I would highly doubt. DVRupgrade's "hacking" products don't even disable updates from what I've heard. If for some reason updates were blocked, you can easily remedy that with the bootpage utility.


----------



## incog-neato (Sep 18, 2007)

I would doubt it too ... but coincidently I have 3 HR10's 2 of which I used the 6.3D IC back when the DVD was first updated and neither one of them got the 6.3E slices in MFS. My 3rd one used an earlier 6.3x IC image and downloaded l the slices back in August.

I can't understand why I haven't got the "E" slices. Anyone know how to force it to download slices? I tried the couple scripts that are floating around and they didn't work.

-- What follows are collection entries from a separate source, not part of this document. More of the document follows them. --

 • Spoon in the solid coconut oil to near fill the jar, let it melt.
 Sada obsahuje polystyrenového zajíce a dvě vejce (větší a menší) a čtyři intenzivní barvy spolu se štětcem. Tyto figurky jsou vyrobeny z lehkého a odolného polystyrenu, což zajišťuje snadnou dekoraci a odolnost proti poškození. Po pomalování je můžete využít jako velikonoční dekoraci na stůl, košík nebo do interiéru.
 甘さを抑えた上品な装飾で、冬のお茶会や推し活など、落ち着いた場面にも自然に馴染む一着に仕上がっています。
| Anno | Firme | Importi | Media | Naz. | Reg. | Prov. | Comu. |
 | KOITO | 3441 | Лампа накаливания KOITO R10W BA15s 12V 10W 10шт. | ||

I wouldn't care but this new (seemingly) CBS related rebooting doesn't happen on the "E" box only on the 2 "D" boxes.



Da Goon said:


> I would highly doubt. DVRupgrade's "hacking" products don't even disable updates from what I've heard. If for some reason updates were blocked, you can easily remedy that with the bootpage utility.


----------



## Robert Spalding (Jan 12, 2001)

I need to know this too, I want to upgrade my 6.3d Instant cake box to 6.3e...hopefully over my network, i don't want to have to pull the drive.


----------



## tivoupgrade (Sep 27, 2000)

No, InstantCake for the HR10-250 does not disable updates. You do have the option of doing so when using PTVnet, but if its a straight 6.3d install using IC, it will not prevent you from receiving updates (unless you leave your phone line unplugged).


----------



## altan (Jan 5, 2003)

Ok, thanks for the info.

Any thoughts why I never upgraded to 6.3e after almost 2 months with IC installed 6.3d and the phone connected? Anything to look for? I never had any upgrade issues prior to IC.

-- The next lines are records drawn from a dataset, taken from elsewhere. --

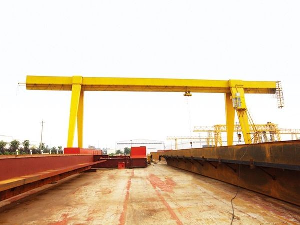 结构形式与MG型起重机基本相同,一侧有支腿,在地面轨道上运行;另一侧无支腿,在厂房上部的轨道上运行。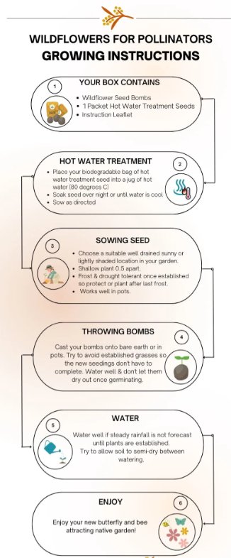 Each pack includes a combination of throw-and-grow seed bombs and hot water treatment seed bombs, supplied in a biodegradable germination bag with a full instruction leaflet.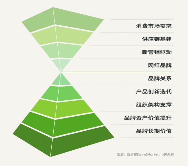 为此,「新消费Daily」联合「Morketing研究院」搭建了以新消费品牌建设思路为核心轴的漏斗模型,以探讨在内生、外生力量下新消费品牌的增长驱动因素。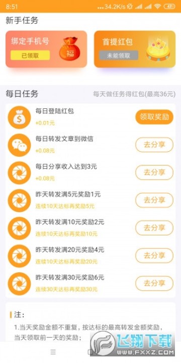 3、指橙资讯转发平台每日转发收益满5元起可获得1元额外的现金奖励,连续10天达标再奖5元,转发满30元奖励6元,连续10天达标再奖30元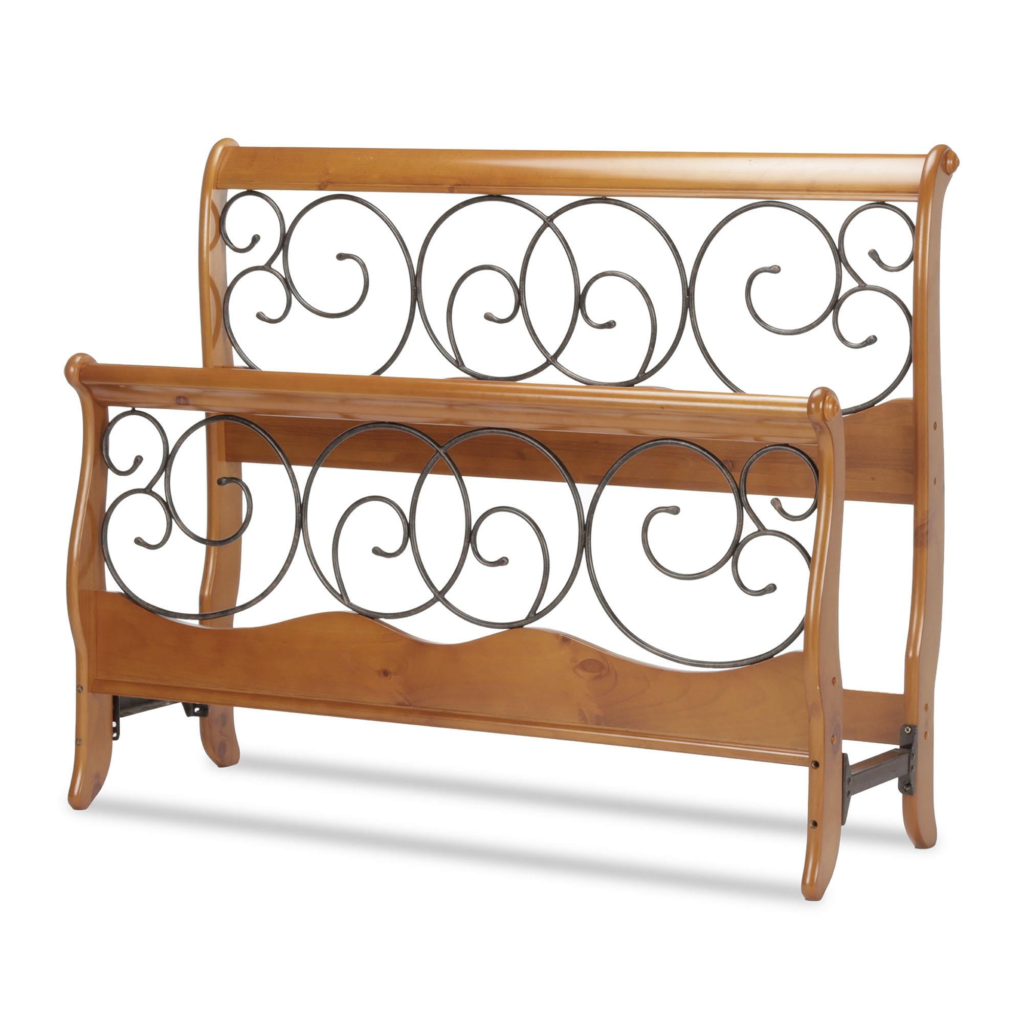 Dunhill Bed With Wood Sleigh Style Frame And Autumn Brown Metal Swirling Scrolls Honey Oak Finish California King Walmart Com Walmart Com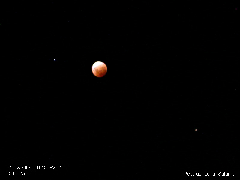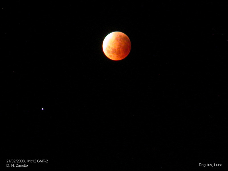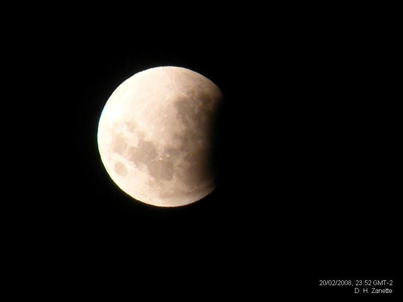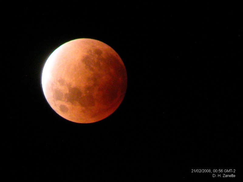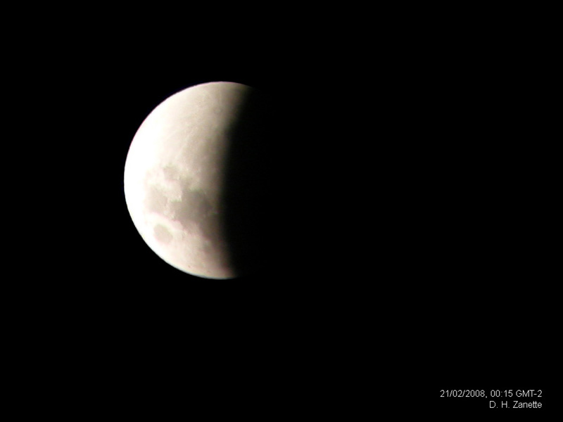 Imágenes del Eclipse Lunar Total del 20-21 de Febrero de 2008 tomadas con una cámara Nikon CoolPix. En las tomas de mayor aumento se utilizó una mira.

I just took apart my Tivo and did the bootpage... I got

root=/dev/hda4 brev=0x100A dsscon=true console=2,9600

Anything interesting here?

... Altan


----------



## Robert Spalding (Jan 12, 2001)

so how does one "upgrade" to 6.3e without pulling the drive? i don't have a copy of 6.3e in MFS from what I can tell through tivoweb


----------



## altan (Jan 5, 2003)

altan said:


> Ok, thanks for the info.
> 
> Any thoughts why I never upgraded to 6.3e after almost 2 months with IC installed 6.3d and the phone connected? Anything to look for? I never had any upgrade issues prior to IC.
> 
> ...


I'm poking around more and end up doing

mls SwSystem/

and get

6.3d-01-2-357 ... blah blah blah
ACTIVE ... blah blah blah

where blah blah blah is the same for both (4/25/07, fsid=202074, size=796)

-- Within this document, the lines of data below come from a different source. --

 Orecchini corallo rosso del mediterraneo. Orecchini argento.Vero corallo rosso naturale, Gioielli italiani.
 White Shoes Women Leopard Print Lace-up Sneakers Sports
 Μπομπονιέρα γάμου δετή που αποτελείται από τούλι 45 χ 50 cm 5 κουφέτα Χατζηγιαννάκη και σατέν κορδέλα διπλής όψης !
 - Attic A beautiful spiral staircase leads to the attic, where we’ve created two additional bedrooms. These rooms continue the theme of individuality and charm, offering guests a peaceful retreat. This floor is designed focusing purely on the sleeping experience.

So this would appear to say I don't even have the 6.3e slices, right?

What's up with that? Any ideas how this could have happened and what I might do to resolve it?

... Altan


----------



## tivoupgrade (Sep 27, 2000)

Can't think of any reason why a 6.3d system wouldn't naturally update to 6.3e (mine did) as long as you haven't made any modifications to disable the daily call, or by using the upgradesoftware=false statement in your boot page.

Its possible that not all units were ever authorized to update to 6.3e, which might explain why the slices are not on some units (if they are, you can still use the slicer, or manually slice your way to 6.3e) or cannot be downloaded via phone line. Since there have been lots of complaints about 6.3e on SD units, perhaps they stopped the rollout of 6.3e on HD units? 

In any case, its all speculation on my part - I really don't know why some units haven't updated.

With that said, a few people have PM'ed asking for a 6.3e version of InstantCake, so this morning I updated the version on our site to 6.3e. Anyone who has download attempts left or whose downloads haven't expired (there is a 90-day window) can go back up and re-download.


----------



## altan (Jan 5, 2003)

tivoupgrade said:


> With that said, a few people have PM'ed asking for a 6.3e version of InstantCake, so this morning I updated the version on our site to 6.3e. Anyone who has download attempts left or whose downloads haven't expired (there is a 90-day window) can go back up and re-download.


Thanks for making the 6.3e InstantCake.

I have a semi-related quesiton... I originally got IC because my HDD appeared corrupt and I wanted a fresh install. I checked the HDD for issues (none) and reinstalled with IC. This was with the original HR10-250 HDD.

I read somewhere that you don't recommend using IC on the stock HDD because IC assumes a larger HDD. Is this true? Would using IC on the original HDD cause any problems?

... Altan


----------



## tivoupgrade (Sep 27, 2000)

altan said:


> Thanks for making the 6.3e InstantCake.
> 
> I have a semi-related quesiton... I originally got IC because my HDD appeared corrupt and I wanted a fresh install. I checked the HDD for issues (none) and reinstalled with IC. This was with the original HR10-250 HDD.
> 
> ...


Altan,

Here is a link to the full release notes also referenced in the instructions. The excerpt that applies:
_
This product uses InstantCake2 technology which allows use of virtually any drive. We do not recommend use of this product on drives smaller than what was originally in your unit, however smaller drives will work. We have not tested this product on drives larger than 500GB,however it is possible that larger drives may be accommodated._

So there are two issues here...

1) is a bigger drive recommended/required? For this version of InstantCake, no; at least not for the reasons you are assuming - that only applies to even older versions

2) not using your original drive -- we'll NEVER recommend your original drive. if its defective, that is one good reason. if its not, don't put what can be used as a viable backup in jeopardy.

Obviously, the choice is still yours, but that's the story...

Lou


----------



## altan (Jan 5, 2003)

Long delayed thanks...

... Altan


----------